I am not a specialist.
First, I suggest you to test a conventional PID to control a delay system, to learn what might happen.
Intuitively, this may lead to instabilities.
The corrections will be increased without use during the delay time.
Of course, the instability can always be reduced by reducing the feedback.
But reducing the feedback will also reduce the efficiency and in the end keep a "lag error".
Avoiding this instability while keeping efficiency needs a better way to calculate the correction.
The correction must take previous corrections into account, and specially their expected effect on the system output.
Intuitively, this suggest the need for a king of "memory" associated with the PID.

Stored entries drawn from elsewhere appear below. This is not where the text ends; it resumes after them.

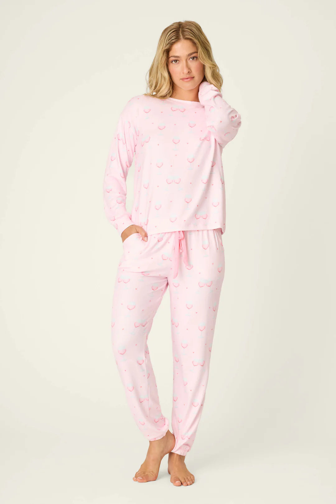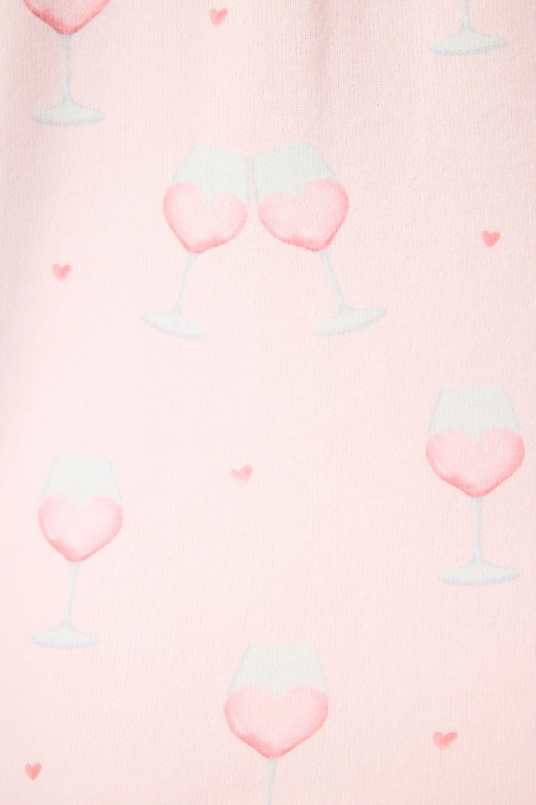 Playful and pretty in light pink, this two-piece pajama set toasts to love, comfort, and cozy nights in. Crafted in ultra-soft butter jersey, it includes a relaxed long-sleeve top and matching banded pants patterned with heart-shaped wine glasses—a sweet, cheeky combo for lounging and unwinding.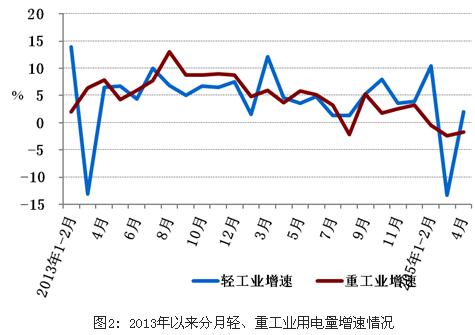 1-4月份,全國工業用電量12079億千瓦時,同比下降0.8%,增速同比降低5.6個百分點,占全社會用電量的比重為69.8%,對全社會用電量增長的貢獻率為-60.3%。其中,輕、重工業用電量分別為2014和10065億千瓦時,同比分別增長1.9%和下降1.3%,增速同比分別降低3.1和6.1個百分點。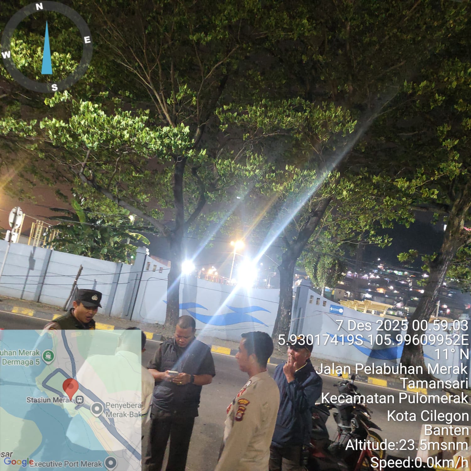 Cilegon - Personil Polsek Kskp Merak Polres Cilegon melaksanakan patroli di kawasan pelabuhan merak memberikan rasa aman dan damai, Minggu (07/12/2025)

I think, it is more precisely a model a the "plant" that is needed to calculated the correction.
A correction would be needed if the real system shows a difference with the model system.
In computer-based feedback systems, algorithms might easily be adapted for delays.

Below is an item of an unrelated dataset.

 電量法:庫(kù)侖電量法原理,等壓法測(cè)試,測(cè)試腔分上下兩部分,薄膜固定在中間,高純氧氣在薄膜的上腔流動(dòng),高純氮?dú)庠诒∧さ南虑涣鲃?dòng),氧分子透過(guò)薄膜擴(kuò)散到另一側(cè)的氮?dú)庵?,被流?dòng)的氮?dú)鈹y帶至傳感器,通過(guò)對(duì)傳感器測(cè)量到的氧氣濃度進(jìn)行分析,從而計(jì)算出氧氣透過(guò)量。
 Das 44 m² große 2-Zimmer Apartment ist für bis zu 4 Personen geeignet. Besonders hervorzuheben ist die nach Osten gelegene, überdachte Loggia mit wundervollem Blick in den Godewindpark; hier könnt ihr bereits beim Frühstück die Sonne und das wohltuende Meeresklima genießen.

In a high frequency range, for analog system, delay lines are available, and can also act a a kind of memory.
Such a delay line could be used to "model the system" too and make a delay-PID feedback possible.
However, when no delay lines are available, how can we proceed?
Without more information from the Aachen paper, it is hard for me to guess more about their system.
However, some suggestions might be found there:
http://msc.berkeley.edu/PID/modernPID3-delay.pdf
It might -in the end- be a matter of approximating the delay line in some way.